Miss Keleitz said life will never be the same after SEEK24.

“Just knowing that I’m being fortified by this entire community around me, it gives me so much hope for going back to my regular routine,” she stated.

“Because I know that no matter where I go, I will always have God’s grace with me and I will always have this community of likeminded people supporting me.”

Maureen Quinn, director of religious education and youth/young adult ministry for the diocese, attended SEEK24 with a delegation from the diocese.

She said it’s clear the Church is alive and well among young people, and that they’re searching for truth, beauty and goodness, all of which point them to God.

“They want the fullness of the truth,” she stated. “They want beauty in the Church and also in relationships. And they want what is good, and that means building up one another as brothers and sisters in Christ.

“That’s what you experience here,” she said of the conference. “And I love that we’re all able to come here united as one Church.”

She said FOCUS, the SEEK conference’s organizer, has “mastered the art of building missionary disciples.”

“Through SEEK, we are able to learn tangible skills that we can bring home to our diocese,” she stated.

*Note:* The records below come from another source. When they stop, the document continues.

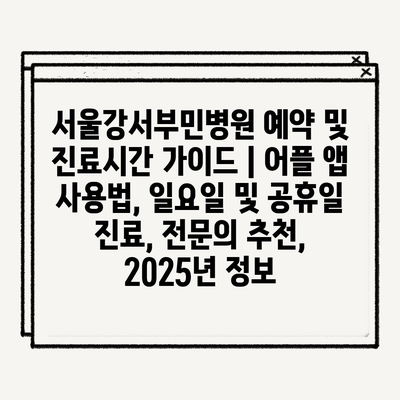 서울강서부민병원 예약 및 진료시간 설명서 | 어플 앱 사용법, 일요일 및 공휴일 진료, 전연락 추천, 2025년 정보 에 대해 자주 묻는 질문 TOP 5
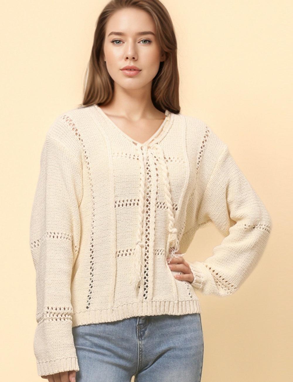 Ladies Hallow V-Neck Long Sleeves Pullover Sweater SKT4809
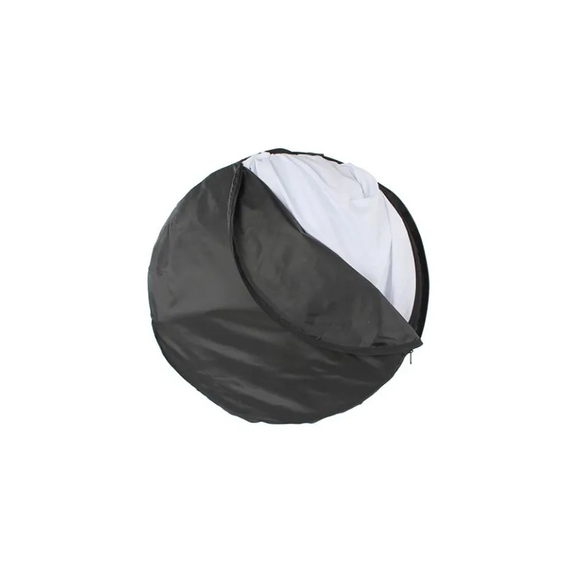 Salokāms atstarotājs ar rāvējslēdzēju un 5 dažādām virsmām — baltu, melnu, sudraba, zelta, izkliedējošu. Salokāms līdz 67cm diametrā, izlaistā veidā 140x190cm.
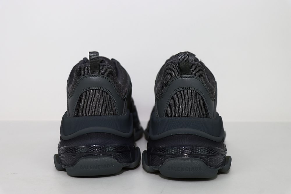 The Balenciaga Triple S sneaker line is renowned for its chunky, layered sole and oversized design, which has become iconic in the fashion world. The dark gray variants, including the popular Dark Grey Mix, offer a versatile palette that pairs well with various outfits, from casual streetwear to more polished looks. Constructed with premium materials such as leather, mesh, and suede, these sneakers provide both style and comfort. The All Over Logo Triple S Sneaker in grey and black features synthetic leather uppers and durable rubber midsoles and outsoles, ensuring longevity and grip. Known for running large, it is recommended to size down when purchasing. The Triple S sneakers also include signature branding details like the Balenciaga logo on the tongue and insole, reinforcing their luxury status. Their chunky silhouette adds height and a unique edge, making them a favorite among fashion enthusiasts who embrace bold, statement footwear.
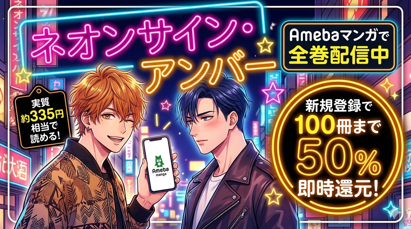 「ネオンサイン・アンバー」はAmebaマンガにて購入可能な作品です。本作は全1巻の完結作品のため、Amebaマンガで全巻を読むことができます。Amebaマンガでの価格は670マンガコイン(税込約670円相当)で、新規登録者向けの100冊まで最大50%即時還元クーポンを利用すれば実質約335円相当と非常にお得です。Amazon(★4.7)やちるちる(★4.3・神率60.3%)など各プラットフォームで高評価を獲得している名作BLを、この機会にぜひチェックしてみてください。
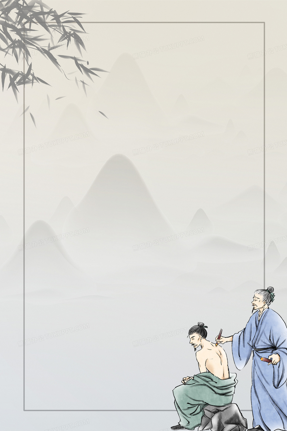 本作品内容为水墨风艾灸合成背景, 格式为 psd, 大小58 MB, 图片尺寸为3543 x 5315, 作品中背景图片无需修改, 源文件无水印,可以直接使用, 欢迎使用熊猫办公。 如认为平台内容涉嫌侵权,可通过邮件:tousu@tukuppt.com提出书面通知,我们将及时处理。
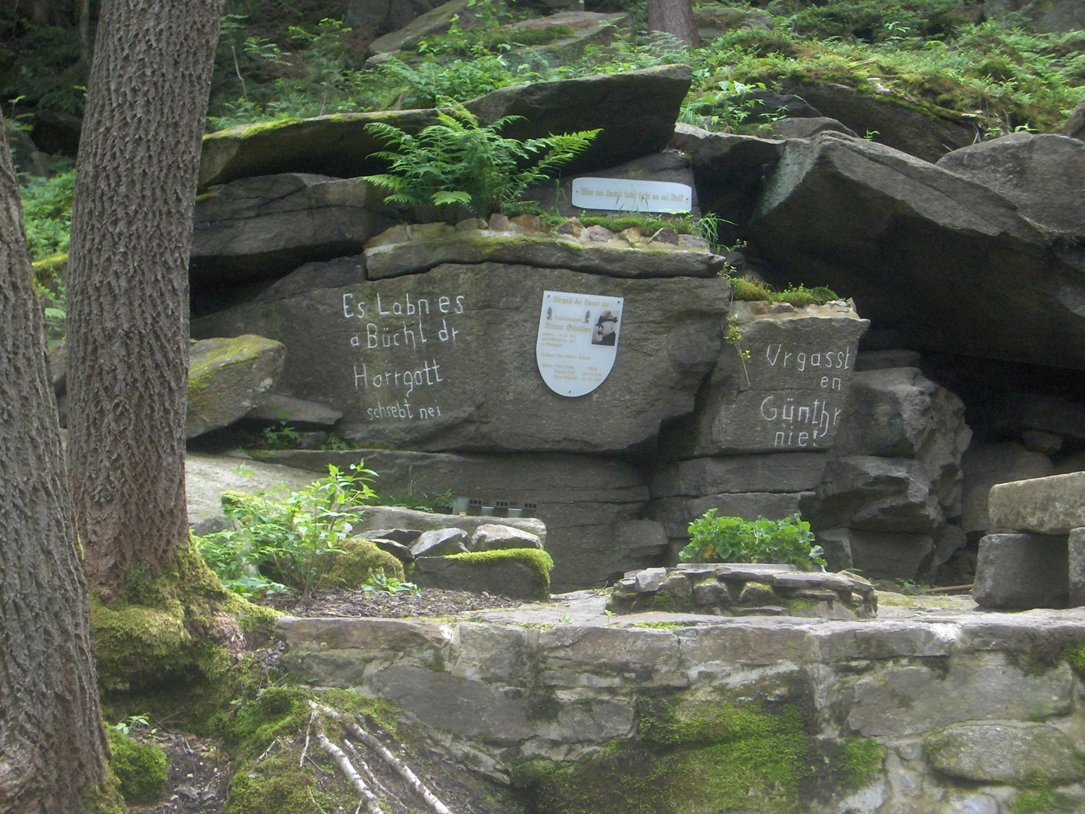 Ve skalnatém svahu nad potokem vybudovali jeho přátelé v roce 1937 jeskyňku, nazvanou Günterova světnička. Do okolních skalních bloků vytesali úryvky z jeho písní.

A point from the message given in a keynote talk by Father Mike Schmitz, whose social media ministry is among the most powerful in the world, particularly resonated with Mrs. Quinn.

“We have a lot of young people in the pews who need to be held by God in the Eucharist,” she said. “We also have a lot of people, many of whom are not in our churches right now, who need to be healed.

“And you’ve got to be willing to be present in that reality,” she stated. “It’s about being brothers and sisters in Christ. We need to go and build those relationships.

“This isn’t complicated, and it’s nothing new,” she said. “It comes from Jesus.”

SEEK24 photos and videos are posted on FOCUS Catholic Facebook, Twitter and Instagram, with homilies from each daily

Mass available on the FOCUS Catholic YouTube page.

SEEK25 will be held in Salt Lake City, Utah, from Jan. 1 to 5, 2025.